The amount of soda a dispensing machine pours into a 12 ounce can of soda follows a normal distribution with a standard deviation of 0.12 ounces. Every can that has more than 12.30 ounces of soda poured into it causes a spill and the can needs to go through a special cleaning process before it can be sold. What is the mean amount of soda the machine should dispense if the company wants to limit the percentage that needs to be cleaned because of spillage to 3%?
Let the mean amount of soda dispensed be μ. We want to find μ such that P(X > 12.30) = 0.03, where X follows a normal distribution with mean μ and standard deviation 0.12 ounces. This is equivalent to solving for μ with the equation:
P((X - μ) / 0.12 > (12.30 - μ) / 0.12) = 0.03.
To solve for μ, we first need to find the z-score corresponding to a 3% probability in the upper tail of a standard normal distribution.
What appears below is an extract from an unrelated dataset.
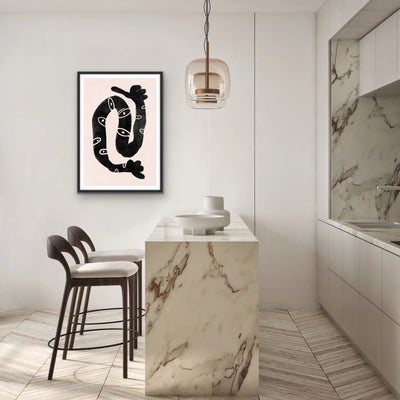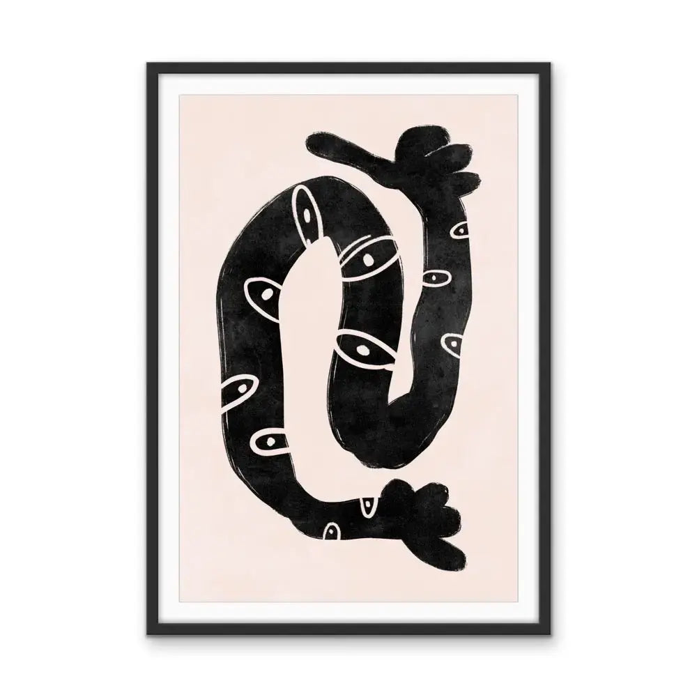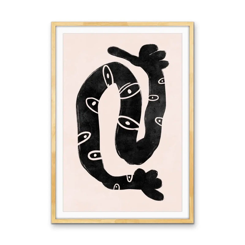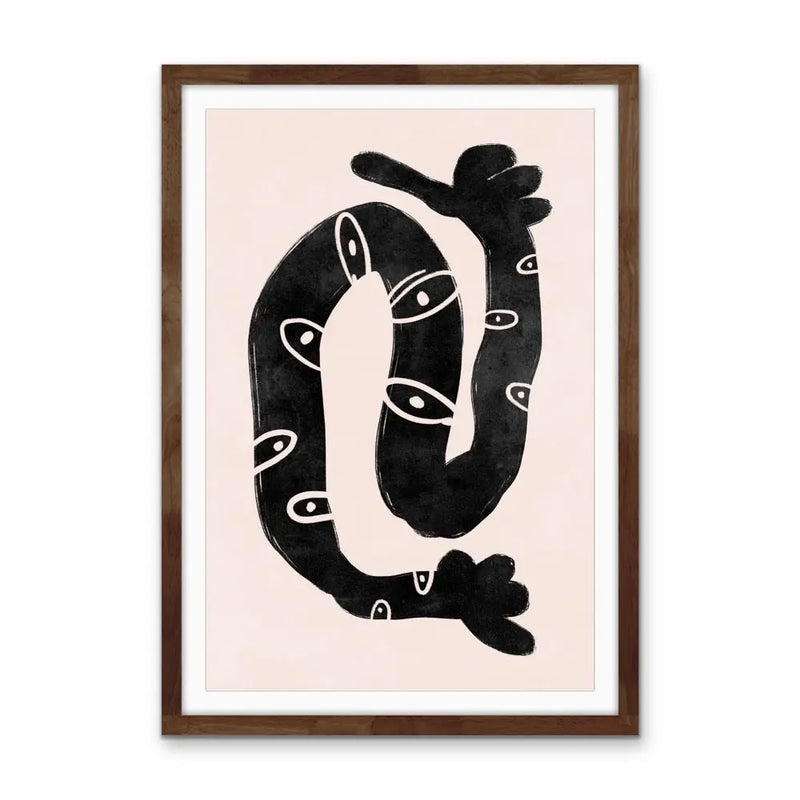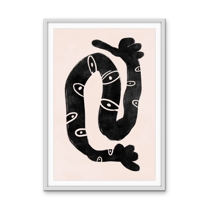 Serpent features a slightly pink background, with a contemporary artwork featuring a snake.

Using a z-table or calculator, we find that the z-score is approximately 1.88. Therefore,
(12.30 - μ) / 0.12 = 1.88
Now, we can solve for μ:
12.30 - μ = 1.88 * 0.12
12.30 - μ = 0.2256
μ = 12.30 - 0.2256 = 12.0744
So, the machine should dispense a mean amount of approximately 12.07 ounces of soda to limit the percentage of cans that need to be cleaned because of spillage to 3%.
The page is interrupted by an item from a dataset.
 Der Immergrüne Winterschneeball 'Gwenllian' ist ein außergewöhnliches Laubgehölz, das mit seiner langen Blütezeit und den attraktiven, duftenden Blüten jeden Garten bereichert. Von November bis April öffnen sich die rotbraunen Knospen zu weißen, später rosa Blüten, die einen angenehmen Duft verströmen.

To find the mean amount of soda the machine should dispense, we need to determine the cutoff point that separates the top 3% of the distribution from the rest.
Step 1: Convert the percentage to a standard score (z-score).
Since the distribution follows a normal distribution, we can use z-scores to find the cutoff point. The z-score represents the number of standard deviations away from the mean a particular value is.
We want to find the z-score that corresponds to the top 3% of the distribution. The remaining 97% will be below this value.
Using a standard normal distribution table or calculator, we can find that the z-score corresponding to the top 3% is approximately 1.88.
Step 2: Convert the z-score back to the raw data value.
The z-score is calculated using the formula:
z = (x - μ) / σ
where x is the raw data value, μ is the mean, and σ is the standard deviation.
We can rearrange the formula to solve for x:
x = (z * σ) + μ
Substituting the known values, we have:
12.30 = (1.88 * 0.12) + μ
Simplifying the equation, we can solve for μ:
12.30 = 0.2256 + μ
μ = 12.30 - 0.2256
μ ≈ 12.0744
Therefore, the mean amount of soda the machine should dispense to limit the percentage that needs cleaning because of spillage to 3% is approximately 12.0744 ounces.
To find the mean amount of soda the machine should dispense, we need to determine the threshold value that corresponds to the 3% spillage rate in the normal distribution.
Step 1: Convert the desired spillage percentage to a z-score.
The z-score represents the number of standard deviations away from the mean a particular value falls.
The spillage rate of 3% can be written as a decimal, 0.03.
Since we want to find the threshold value in the right tail of the distribution, we subtract the decimal from 1:
1 - 0.03 = 0.97
Looking up the z-score for 0.97 in the standard normal distribution table, we find it to be approximately 1.88.
Step 2: Calculate the mean value using the z-score formula.
The formula to convert a z-score to the corresponding raw value is:
raw value = (z-score * standard deviation) + mean
Since we're given the standard deviation of 0.12 ounces, we substitute the values into the formula:
12.30 = (1.88 * 0.12) + mean
Simplifying the equation:
12.30 = 0.2256 + mean
Subtracting 0.2256 from both sides:
mean = 12.30 - 0.2256
mean ≈ 12.0744
Therefore, the mean amount of soda the machine should dispense is approximately 12.0744 ounces to limit the spillage rate to 3%.